* TASK REQUIREMENTS *
I'd like an exact copy of only the lines from the start of the listing below through the line that holds "Book Details +". Please keep the pictures out.

**** INFORMATION SUPPLIED

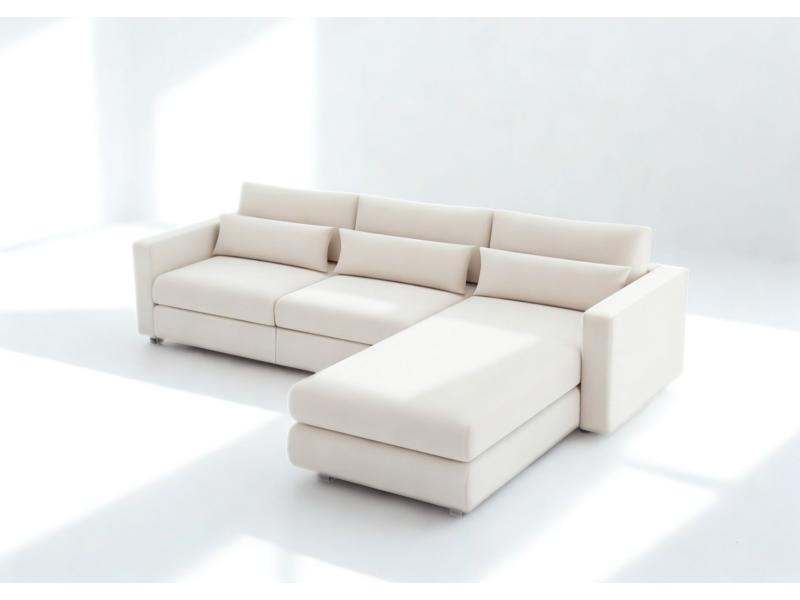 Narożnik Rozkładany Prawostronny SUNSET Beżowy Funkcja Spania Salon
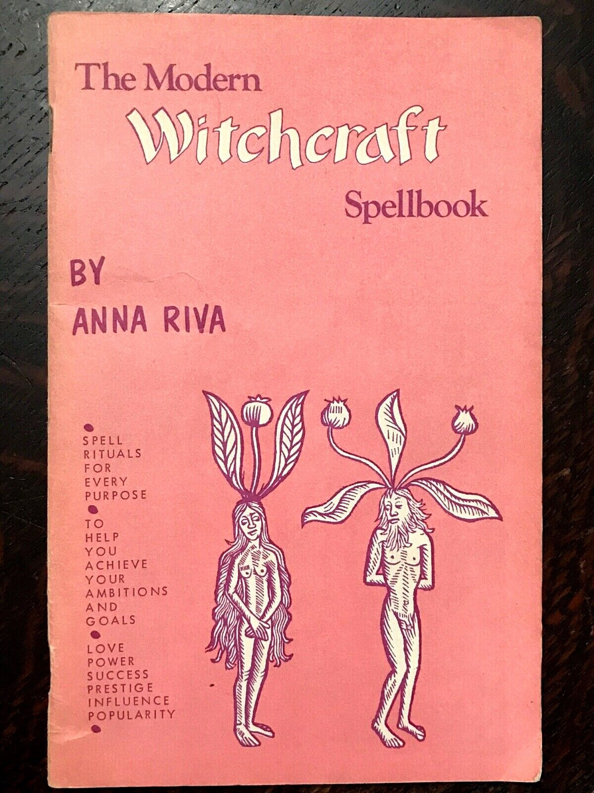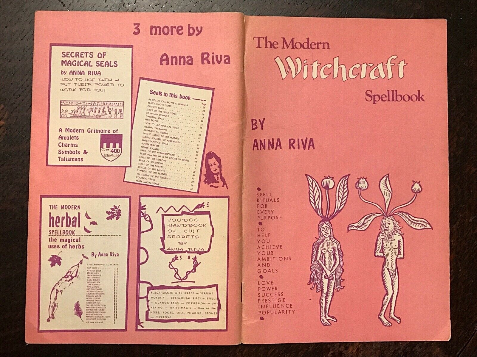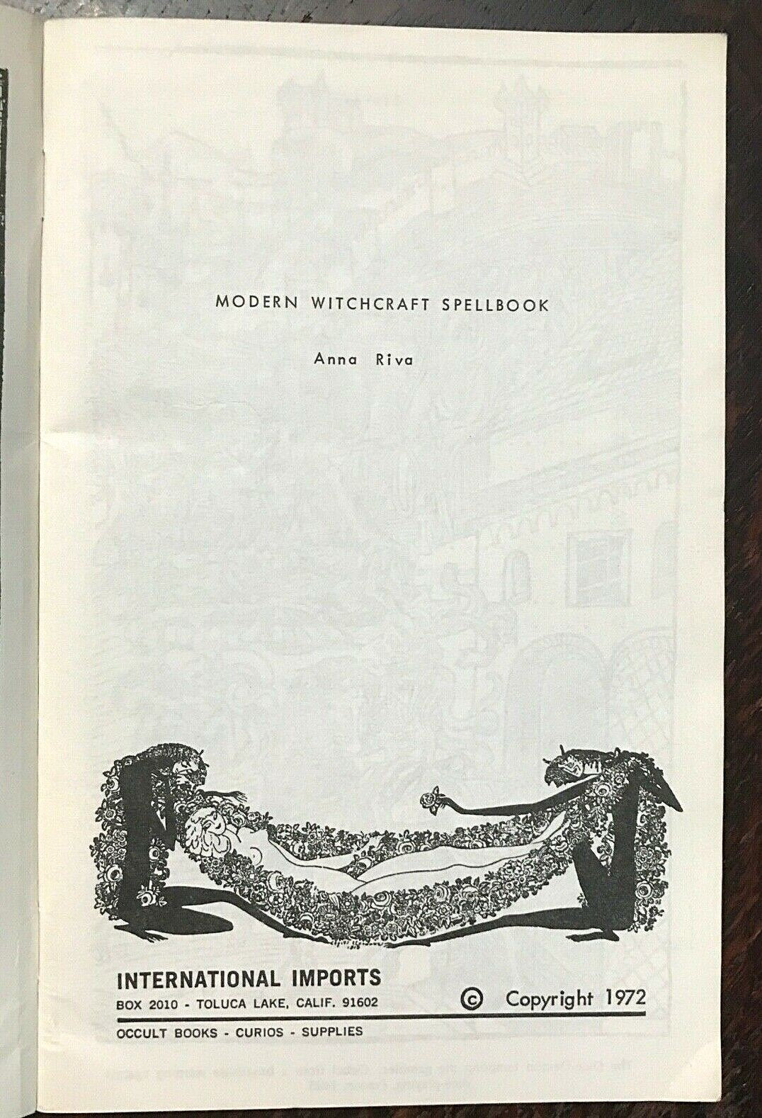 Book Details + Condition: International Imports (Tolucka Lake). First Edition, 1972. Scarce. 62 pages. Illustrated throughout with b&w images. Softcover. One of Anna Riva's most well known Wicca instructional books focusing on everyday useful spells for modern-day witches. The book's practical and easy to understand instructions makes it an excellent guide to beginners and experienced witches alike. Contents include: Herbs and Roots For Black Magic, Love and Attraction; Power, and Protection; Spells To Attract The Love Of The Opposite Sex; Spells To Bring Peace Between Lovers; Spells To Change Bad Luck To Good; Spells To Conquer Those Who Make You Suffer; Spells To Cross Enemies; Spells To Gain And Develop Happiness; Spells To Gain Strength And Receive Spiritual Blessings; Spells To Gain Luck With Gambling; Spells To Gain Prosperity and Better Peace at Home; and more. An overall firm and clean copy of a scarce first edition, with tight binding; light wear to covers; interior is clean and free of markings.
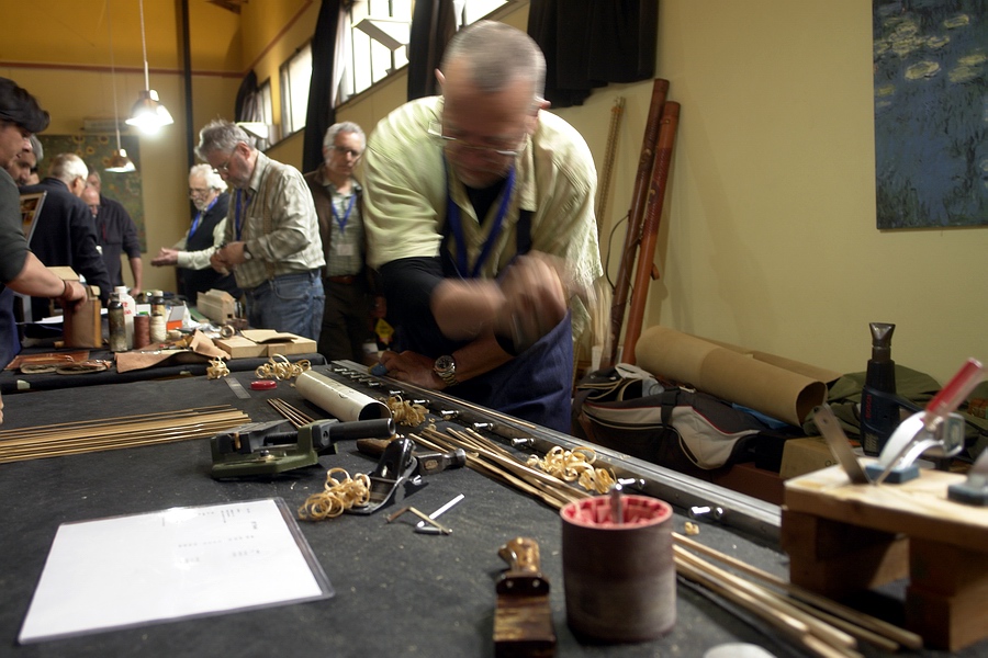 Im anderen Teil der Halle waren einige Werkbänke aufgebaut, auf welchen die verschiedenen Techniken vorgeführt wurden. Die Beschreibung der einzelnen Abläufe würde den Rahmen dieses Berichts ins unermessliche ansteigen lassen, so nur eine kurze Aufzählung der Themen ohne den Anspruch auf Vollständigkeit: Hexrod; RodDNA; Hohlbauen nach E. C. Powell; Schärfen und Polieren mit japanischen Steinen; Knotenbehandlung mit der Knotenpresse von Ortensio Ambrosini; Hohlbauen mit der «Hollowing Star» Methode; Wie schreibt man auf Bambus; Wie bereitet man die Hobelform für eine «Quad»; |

********

* FINISHED EXERCISE *
 Narożnik Rozkładany Prawostronny SUNSET Beżowy Funkcja Spania Salon
 Book Details + Condition: International Imports (Tolucka Lake). First Edition, 1972. Scarce. 62 pages. Illustrated throughout with b&w images. Softcover. One of Anna Riva's most well known Wicca instructional books focusing on everyday useful spells for modern-day witches. The book's practical and easy to understand instructions makes it an excellent guide to beginners and experienced witches alike. Contents include: Herbs and Roots For Black Magic, Love and Attraction; Power, and Protection; Spells To Attract The Love Of The Opposite Sex; Spells To Bring Peace Between Lovers; Spells To Change Bad Luck To Good; Spells To Conquer Those Who Make You Suffer; Spells To Cross Enemies; Spells To Gain And Develop Happiness; Spells To Gain Strength And Receive Spiritual Blessings; Spells To Gain Luck With Gambling; Spells To Gain Prosperity and Better Peace at Home; and more. An overall firm and clean copy of a scarce first edition, with tight binding; light wear to covers; interior is clean and free of markings.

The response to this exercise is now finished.